── DATA SECTION

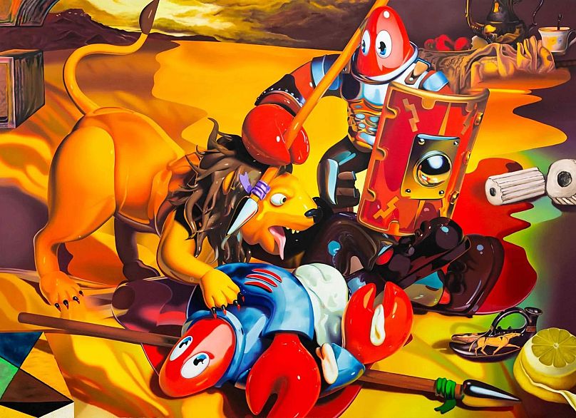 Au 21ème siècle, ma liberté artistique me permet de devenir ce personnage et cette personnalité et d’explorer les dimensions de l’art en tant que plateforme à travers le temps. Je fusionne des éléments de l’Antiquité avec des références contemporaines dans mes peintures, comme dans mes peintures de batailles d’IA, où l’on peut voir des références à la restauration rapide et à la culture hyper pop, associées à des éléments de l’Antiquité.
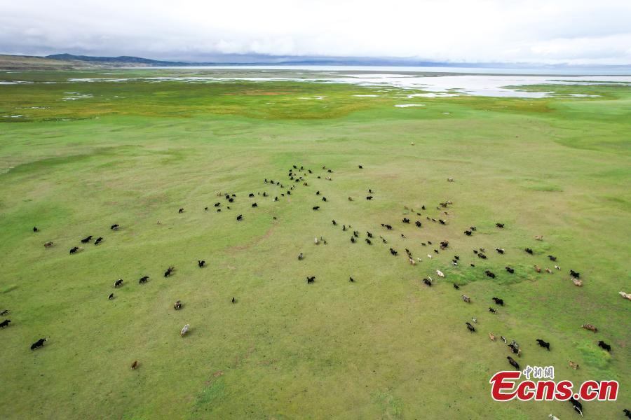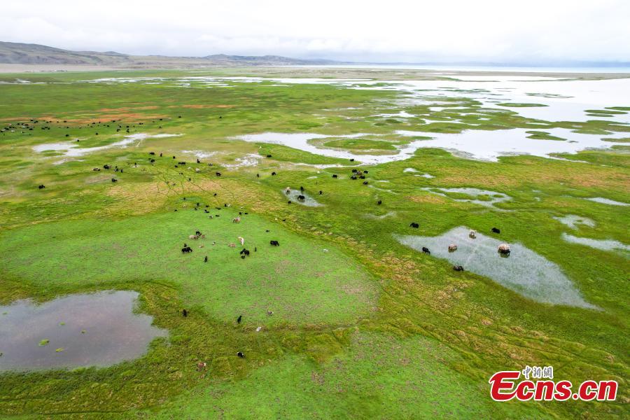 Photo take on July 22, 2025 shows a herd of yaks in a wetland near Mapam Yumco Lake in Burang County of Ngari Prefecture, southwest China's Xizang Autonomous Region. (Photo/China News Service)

────
── DATA SECTION

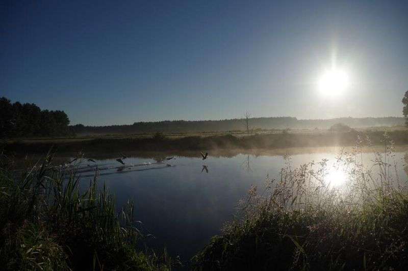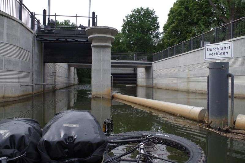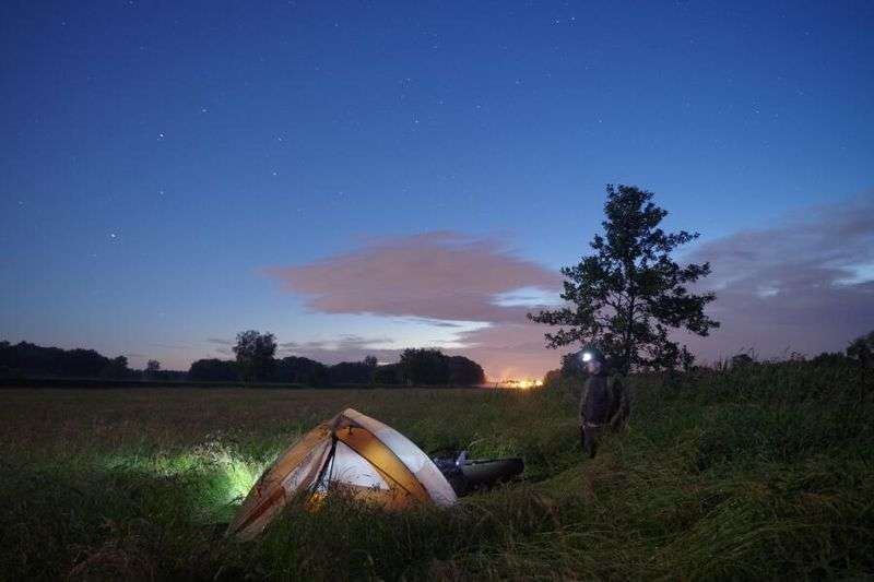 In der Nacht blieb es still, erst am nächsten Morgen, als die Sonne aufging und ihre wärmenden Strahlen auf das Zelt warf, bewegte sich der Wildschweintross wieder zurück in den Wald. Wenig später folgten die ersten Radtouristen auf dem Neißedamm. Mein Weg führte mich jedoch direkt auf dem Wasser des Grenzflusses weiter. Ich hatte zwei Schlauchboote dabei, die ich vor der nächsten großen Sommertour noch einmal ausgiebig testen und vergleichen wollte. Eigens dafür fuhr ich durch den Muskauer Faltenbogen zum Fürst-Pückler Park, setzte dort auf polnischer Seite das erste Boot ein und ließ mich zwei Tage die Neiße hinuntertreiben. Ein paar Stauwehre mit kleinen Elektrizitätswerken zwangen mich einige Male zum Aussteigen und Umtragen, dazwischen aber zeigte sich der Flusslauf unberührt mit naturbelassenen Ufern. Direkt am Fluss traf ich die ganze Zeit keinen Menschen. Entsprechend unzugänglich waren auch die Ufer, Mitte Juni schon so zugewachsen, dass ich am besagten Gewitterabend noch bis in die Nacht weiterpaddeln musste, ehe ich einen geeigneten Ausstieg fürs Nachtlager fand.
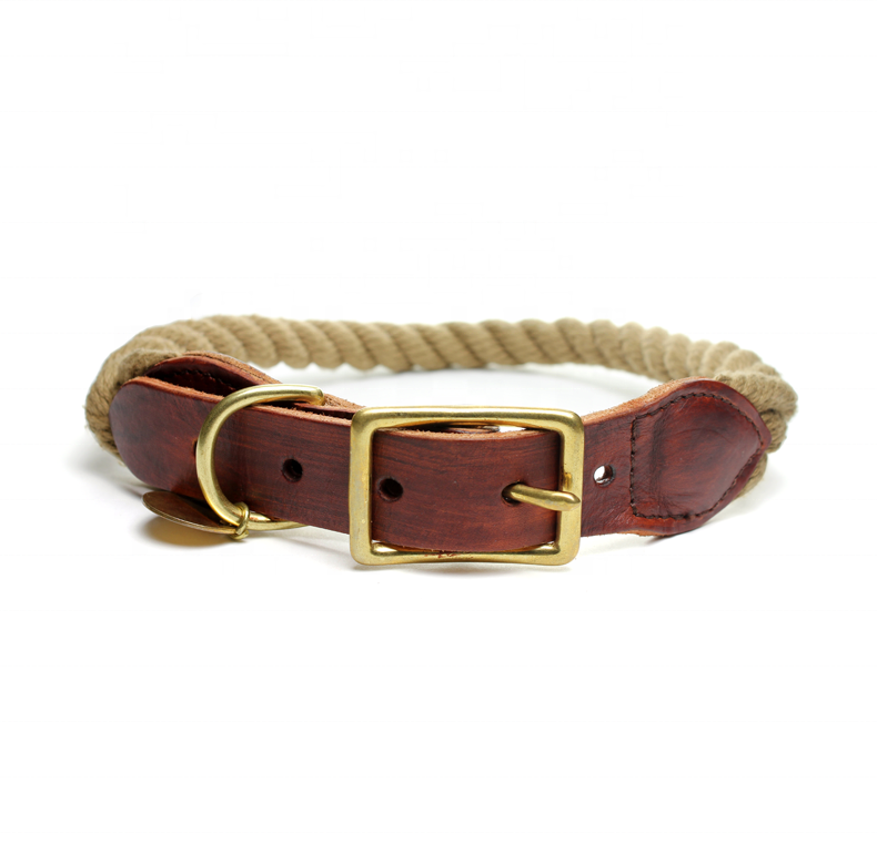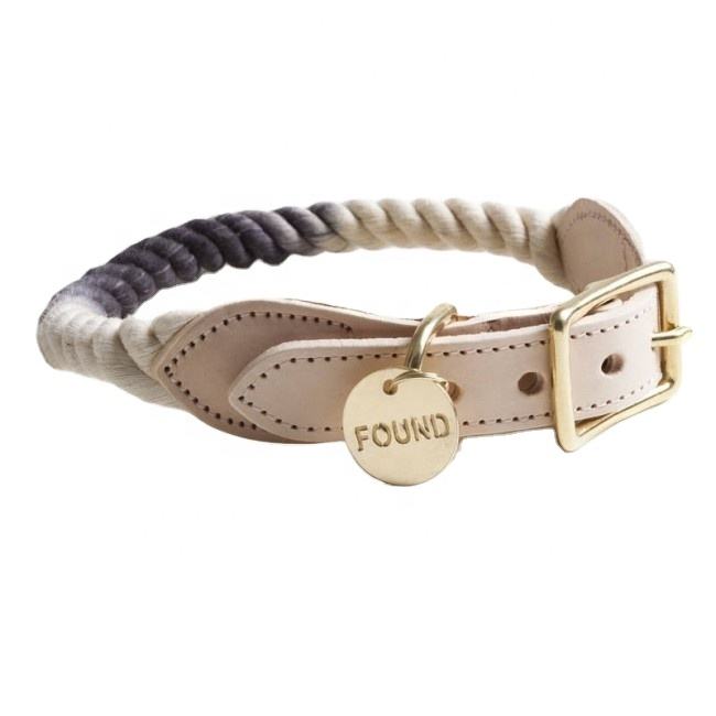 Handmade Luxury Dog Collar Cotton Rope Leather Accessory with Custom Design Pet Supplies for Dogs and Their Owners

────
── DATA SECTION

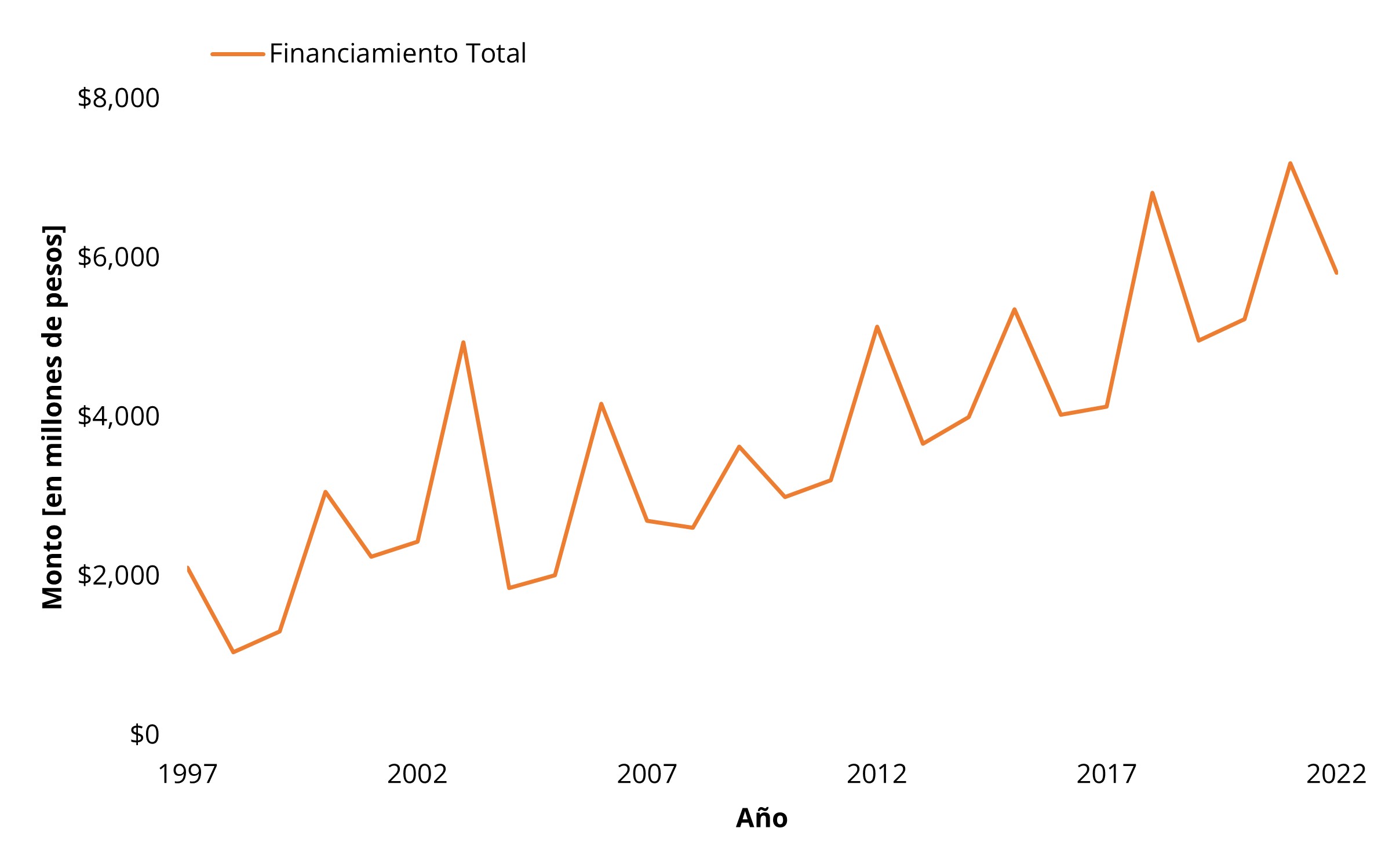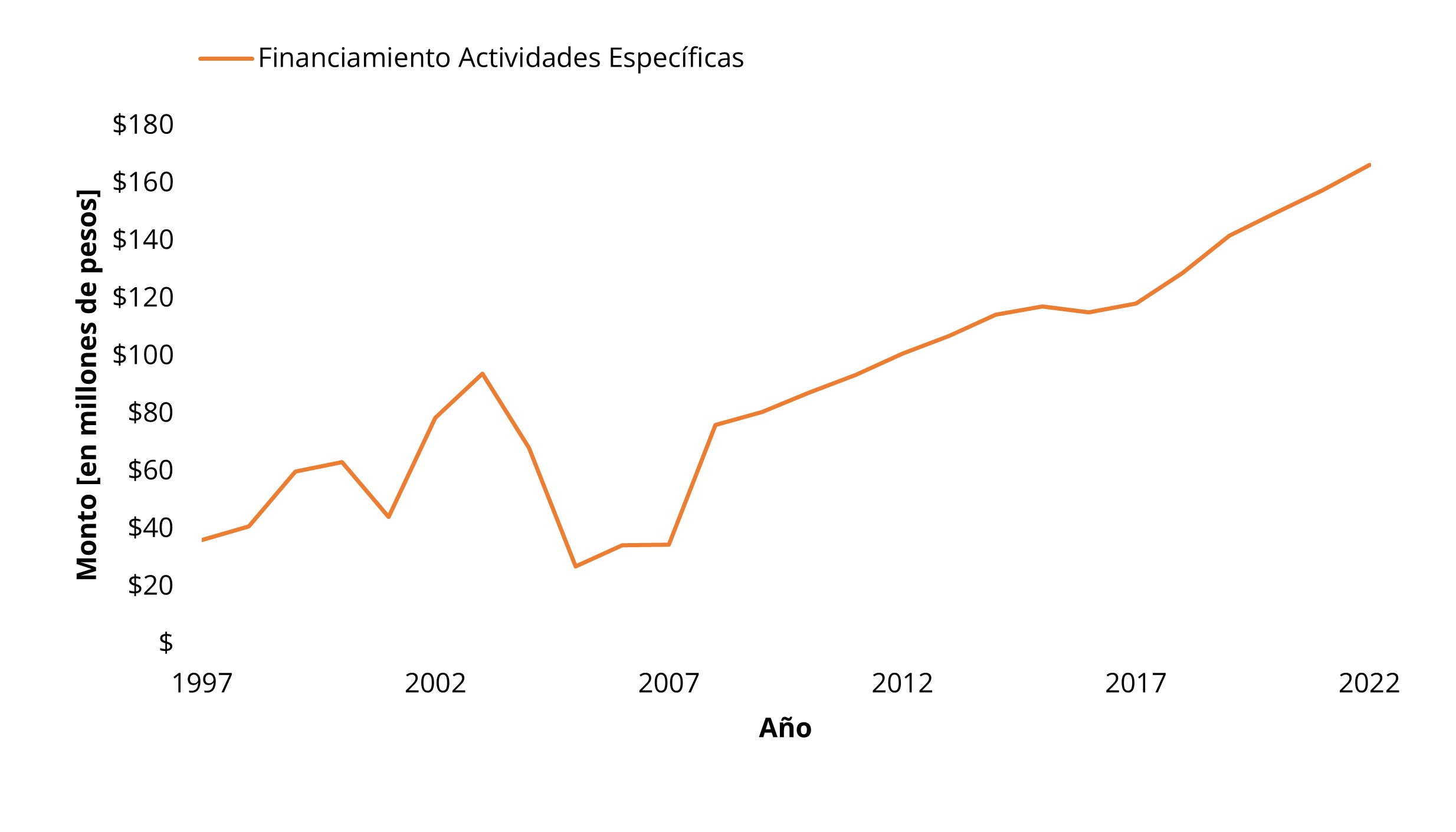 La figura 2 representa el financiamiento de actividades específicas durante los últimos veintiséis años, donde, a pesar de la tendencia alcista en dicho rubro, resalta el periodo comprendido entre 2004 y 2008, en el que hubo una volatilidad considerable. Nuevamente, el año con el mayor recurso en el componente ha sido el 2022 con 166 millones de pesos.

────

Copy the lines above between the one holding "Au 21ème siècle, ma" and the one holding "Photo take on", inclusive. Drop the pictures.

 Au 21ème siècle, ma liberté artistique me permet de devenir ce personnage et cette personnalité et d’explorer les dimensions de l’art en tant que plateforme à travers le temps. Je fusionne des éléments de l’Antiquité avec des références contemporaines dans mes peintures, comme dans mes peintures de batailles d’IA, où l’on peut voir des références à la restauration rapide et à la culture hyper pop, associées à des éléments de l’Antiquité.
 Photo take on July 22, 2025 shows a herd of yaks in a wetland near Mapam Yumco Lake in Burang County of Ngari Prefecture, southwest China's Xizang Autonomous Region. (Photo/China News Service)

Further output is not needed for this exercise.